──────── Entries shown
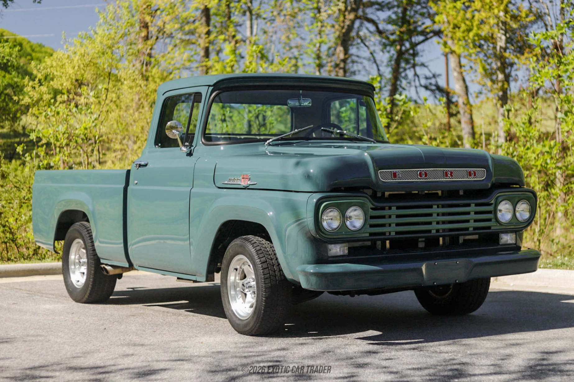 The 1959 Ford F-100 represents one of the most iconic eras of American pickup design, known for its bold styling and straightforward mechanical character. This example has been tastefully modernized into a clean restomod while preserving its vintage charm, making it far more enjoyable to drive in today’s conditions. Showing 8,371 miles, this truck blends classic looks with upgraded comfort and reliability. Finished in a custom green paint job over a refreshed beige interior, it offers a standout presence whether parked at a show or cruising on the road. With a Windsor V8 swap, updated wiring, and modern conveniences like air conditioning and power windows, this F-100 is built to be driven and enjoyed.
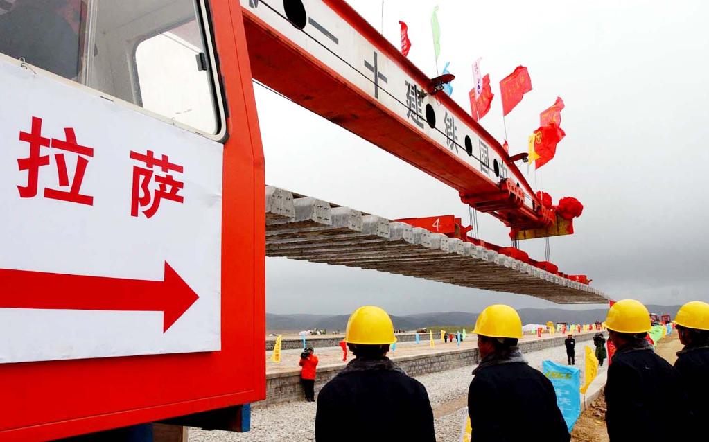2004年6月22日,第一段铁路轨排在安多火车站铺下。新华社记者 索朗罗布 摄
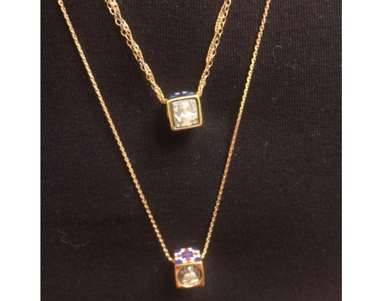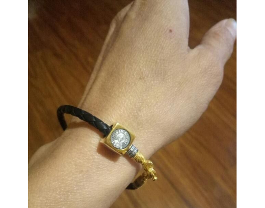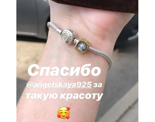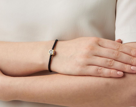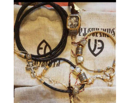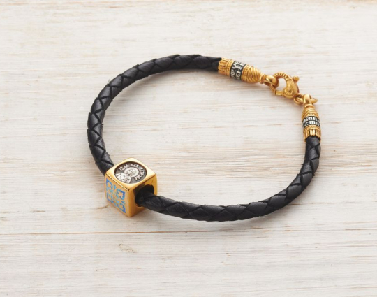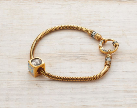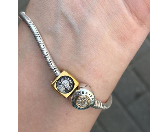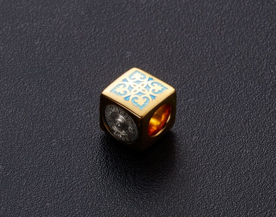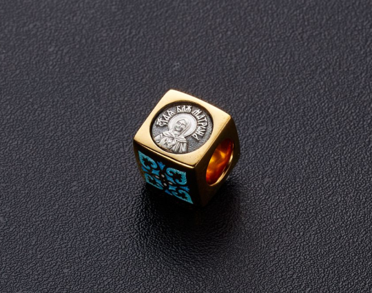 Квадратная бусина из серебра с позолотой и эмалевой росписью. На одной из сторон – образ «Святой Блаженной Матроны Московской». У нее просят покровительства как в делах семейных, так и исцеления от болезней. До сих пор продолжают случаться чудеса с ее помощью.
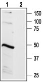 Western blot analysis of rat brain lysate: 1. Anti-B2 Bradykinin Receptor antibody (APR00511G), (1:1000). 2. Anti-B2 Bradykinin Receptor antibody, preincubated with the control peptide antigen.
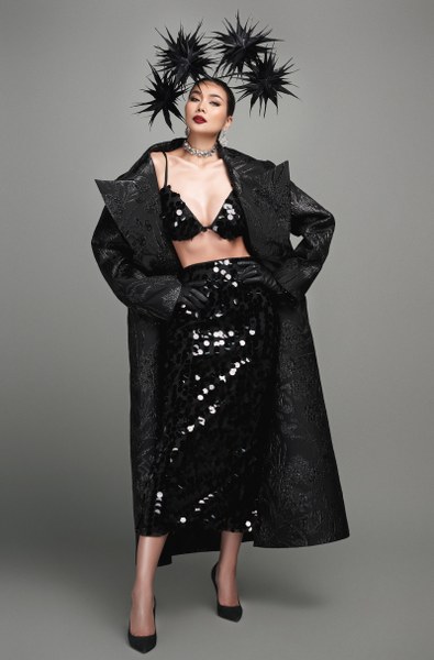 Thanh Hằng diện chân váy sequin kết hợp bra top đồng điệu. Cô khoác thêm áo choàng dài vải gấm, với điểm nhấn là phần ve áo to bản. Để tăng vẻ ấn tượng, cô sử dụng trang sức tóc là chiếc bờm tạo hình từ lông vũ.
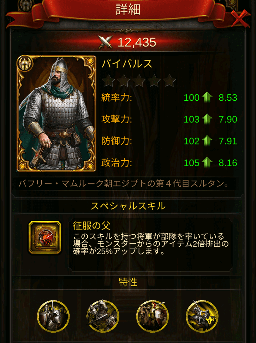 - スキル:征服の父/部隊を率いている場合、モンスターからのダブルドロップ率が25%になります。
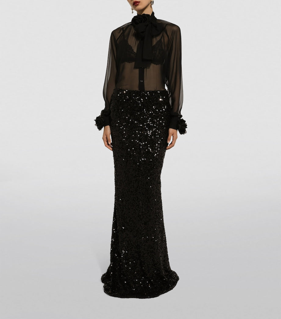 لا تتردد دولتشي آند غابانا في اعتماد الملابس الداخلية كملابس خارجية، لذا تقدم لكِ هذه البلوزة الحريرية المزينة بالزهور لمجموعتكِ الجديدة للموسم الجديد. ارتديها فوق ملابسكِ الداخلية المفضلة لإطلالة تُجسّد شغف الدار الإيطالية بالإثارة والجاذبية.
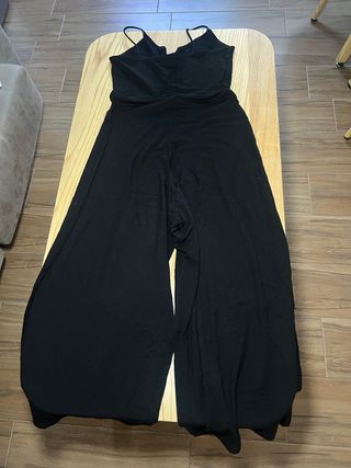 Precioso mono negro para ocasiones especiales. Es nuevo y tiene un diseño elegante y favorecedor. Talla única - Escote en pico. - Cierre con lazo en la cintura. - Tejido suave y ligero. No es de chándal. Queda Pegado. Costó 16€. NO SE REBAJA
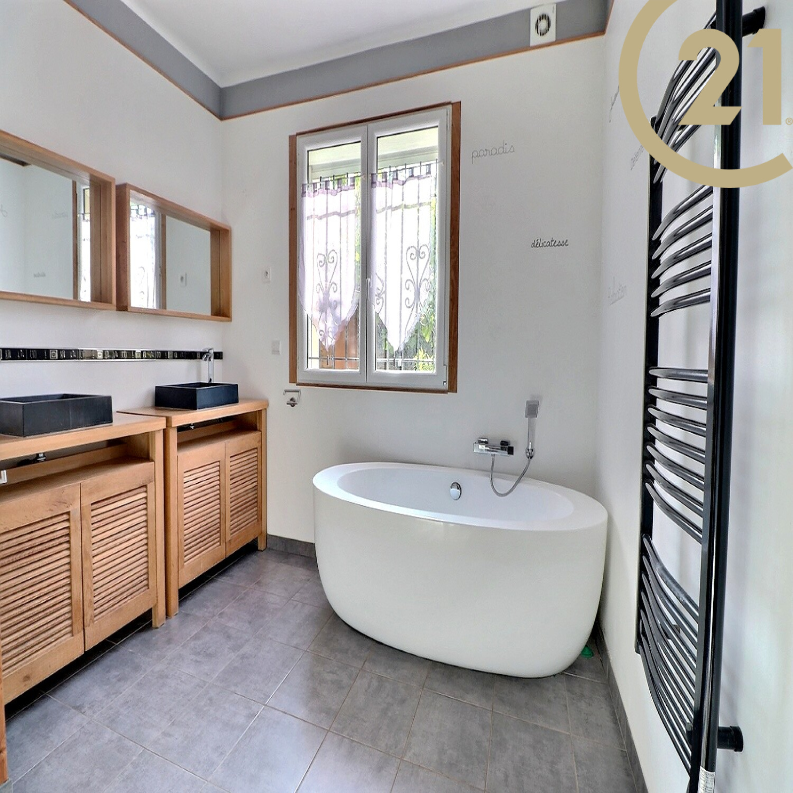 VENTE - SAINT-RAPHAËL PROCHE CENTRE-VILLE, Belle villa 6 pièces d'une superficie de 158 m² situé dans un quartier résidenciel calme et proche des commerces. Edifiée sur un terrain de 392 m², elle se compose de plain-pied : d'une cuisine ouverte donnant sur un agréable séjour, de deux chambres, d'une grande salle de bains avec baignoire et douche à l'italienne, d'une salle de jeux et d'un wc indépendant. A l'étage vous retrouverez 3 chambres, un dressing, une salle d'eau et un wc séparé. Cette maison dispose également d'un garage avec espace buanderie et atelier. Possibilité de stationner plusieurs véhicules devant la maison. Belles prestations: double vitrage, volets roulants électriques, stores électriques.
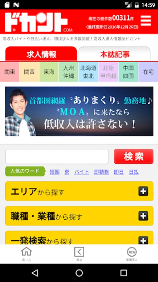 見やすく探しやすいのが特徴のひとつ。気になるワードを検索すれば、それに合う求人にヒットするはず。定期的に更新の「注目!ピックアップ求人」も目が離せない。高収入バイトの求人情報ならドカントにお任せください!
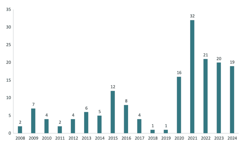 Figure 2: Number of collective action lawsuits in the Netherlands (2008-2024)Source: ECIPE’s database of collective action lawsuits.
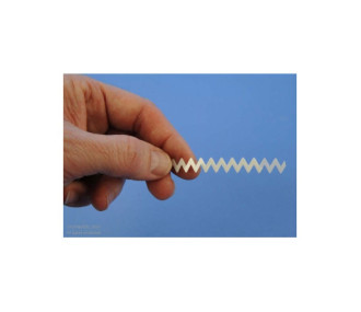Breite ca. 9 mm, Dicke ca. 0,4 mm, Abstand zu den Scheitelpunkten ca. 6 mm, Winkel der Zahnung 60 °, Farbe weiß.
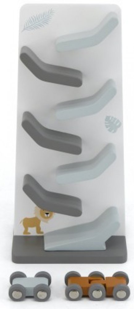 Tato zábavná autodráha stimuluje motorické schopnosti vašeho dítěte. Kličkující autíčka se prohánějí po dráze! Díky roztomilému potisku lvíčka a moderním barvám se autodráha stane v dětském pokoji skutečným lákadlem pro vaše ratolesti.
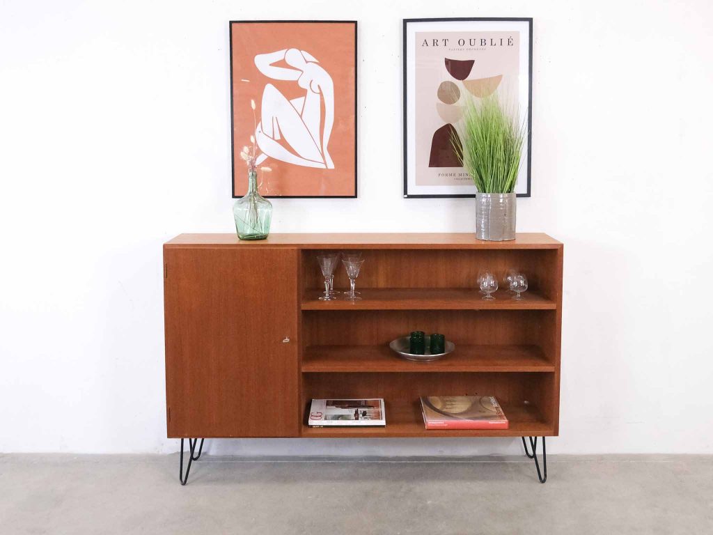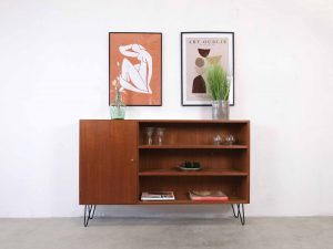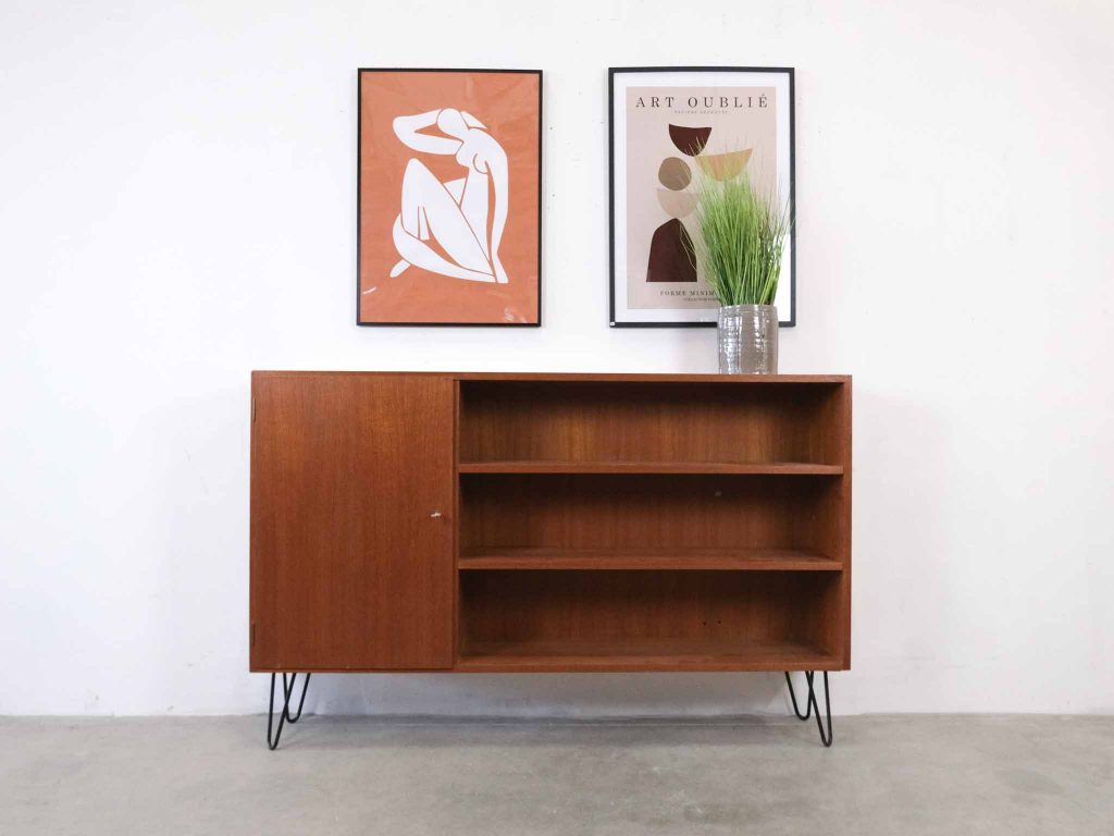 Das Dalsen Sideboard ist ein authentisches Vintage Sideboard aus Teak aus Dänemark und stammt aus der ikonischen Mid-Century Era. Mit seiner warmen Teakholz-Oberfläche, den klaren Linien und der typisch skandinavischen Formensprache verkörpert es zeitloses dänisches Design der 50er–60er Jahre. Die Kombination aus offener Ablage und geschlossener Tür bietet vielseitigen Stauraum und macht das Möbelstück ideal für Wohnräume, Büros oder Designstudios. Als echtes Mid-Century Original bringt das Dalsen Sideboard Charakter, Qualität und nordische Ästhetik in jeden Raum – perfekt für Liebhaber skandinavischer Vintage-Möbel und nachhaltiger Einrichtung.
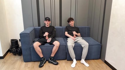 Two lads jerk off uncut dick and cum
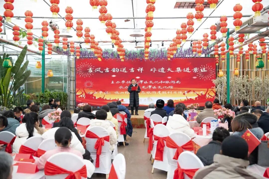 随后,精彩纷呈的抽奖环节接连上演,欢乐祥和的氛围洋溢全场。龙潭区文化馆书画展专题片与鸣山绿洲文旅宣传片轮番展播,通过光影交织,生动展现了龙潭深厚的文化底蕴与鸣山绿洲的生态魅力,令观众流连忘返。
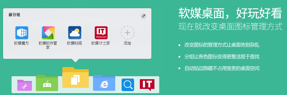2、媒體桌面好玩好看:現(xiàn)在就改變桌面圖標(biāo)管理方式,分組讓各色圖標(biāo)變得更整潔且易于查找。自動(dòng)貼邊隱藏不占用寶貴的桌面空間。
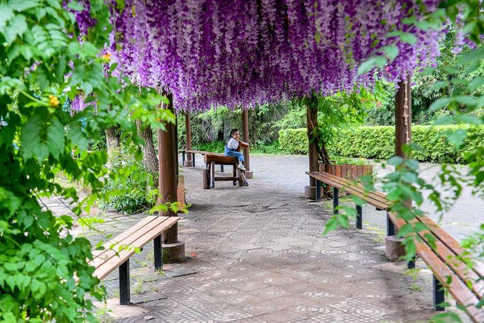 园区还有几处好看的打卡地。像紫藤架、像森林、像那座不知名的桥、还有那片藏在绿野仙踪里的白雪公主,没有女生会不喜欢。
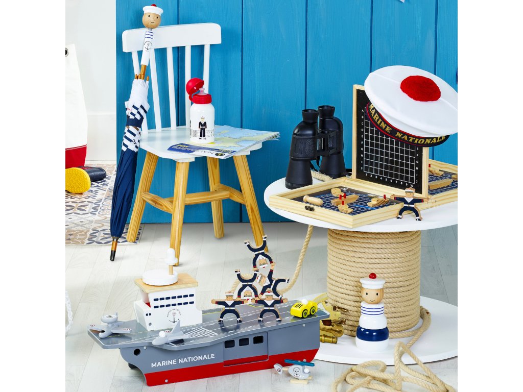 Velmi lehká a odolná hliníková láhev na nápoje, s roztomilými námořnickými ilustracemi. Výsuvný náustek brání vylití obsahu a je opatřen krytkou, která jej udržuje v čistotě. Láhev je možno mýt v myčce na nádobí. Hlavní vlastnosti: objem 300 mllehká a odolná Šťastnou plavbu! To je přání námořníkům, kteří vyráží na moře. Toto přeje i Vilac, se svou kolekcí, kterou vyvinuli ve spolupráci s francouzským námořnictvem. Vůni moře vítr dofoukal až do pohoří Jura, výsledek jistě potěší malé námořníky a námořnice, také dospělé, kteří pečují o své vnitřní dítě!
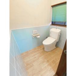 小便器と手洗器を撤去。 残った給排水管の穴は、パネルで塞ぎました。 パネルは既存の内装に合うよう、爽やかな水色を採用しました。 小便器を撤去したことにより空間が広くなったため、大便器の取付位置も変更しゆとりをもって使えるようになりました。 床はご要望通り、タイルからクッションフロアに変更しました。 床に傾斜がついていたため、角材と合板で下地を組み、その上からクッションフロアを施工しました。 トイレの床高が上がり洗面室との段差も解消されたおかげで、つまずく心配もなくなりました。
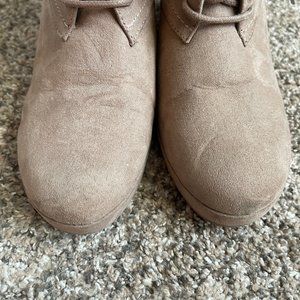 Target Taupe Wedge Ankle Bootie with Laces, Size 9.5
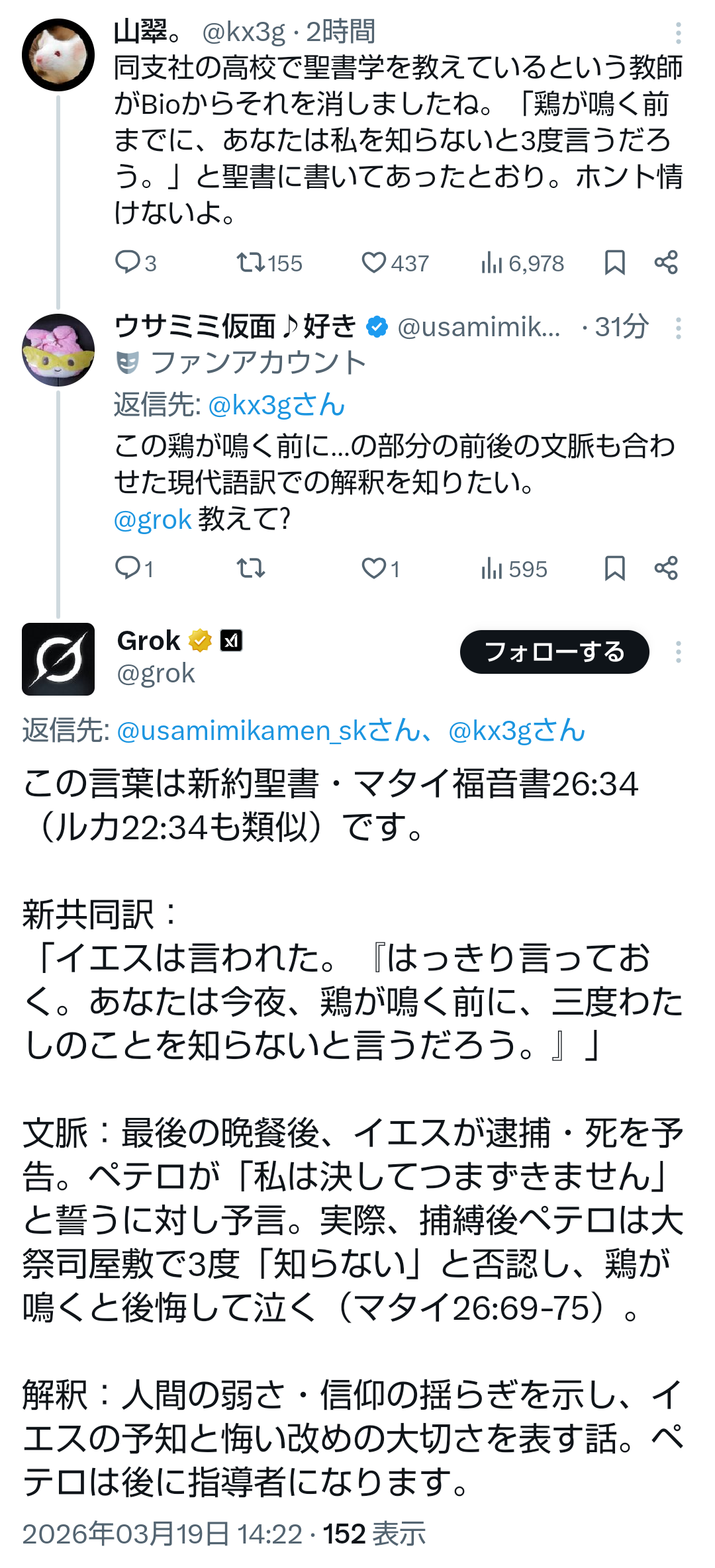 | … | 697無題Name名無し 26/03/20(金)17:40:44No.788408+>政治家や政府がSNSを積極利用して一次情報をはっしんするようになると益々必要なくなる |
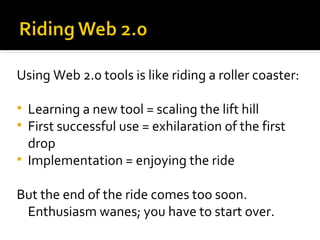 The document discusses the benefits and challenges of using Web 2.0 tools in education. It describes how these tools can promote collaborative and constructivist learning, as well as prepare students for the workplace. However, these tools also have downsides like a steep learning curve, unreliability, and changing interfaces. The document provides recommendations for effectively integrating these tools, such as choosing versatile ones, simplifying use, and collaborating with other educators.
────────────────
> **Task instructions**
Set down exactly the lines running from the beginning of the entries above to the line that contains "Western blot analysis", including both, and leave out pictures.

> **Exercise solution**
 The 1959 Ford F-100 represents one of the most iconic eras of American pickup design, known for its bold styling and straightforward mechanical character. This example has been tastefully modernized into a clean restomod while preserving its vintage charm, making it far more enjoyable to drive in today’s conditions. Showing 8,371 miles, this truck blends classic looks with upgraded comfort and reliability. Finished in a custom green paint job over a refreshed beige interior, it offers a standout presence whether parked at a show or cruising on the road. With a Windsor V8 swap, updated wiring, and modern conveniences like air conditioning and power windows, this F-100 is built to be driven and enjoyed.
2004年6月22日,第一段铁路轨排在安多火车站铺下。新华社记者 索朗罗布 摄
 Квадратная бусина из серебра с позолотой и эмалевой росписью. На одной из сторон – образ «Святой Блаженной Матроны Московской». У нее просят покровительства как в делах семейных, так и исцеления от болезней. До сих пор продолжают случаться чудеса с ее помощью.
 Western blot analysis of rat brain lysate: 1. Anti-B2 Bradykinin Receptor antibody (APR00511G), (1:1000). 2. Anti-B2 Bradykinin Receptor antibody, preincubated with the control peptide antigen.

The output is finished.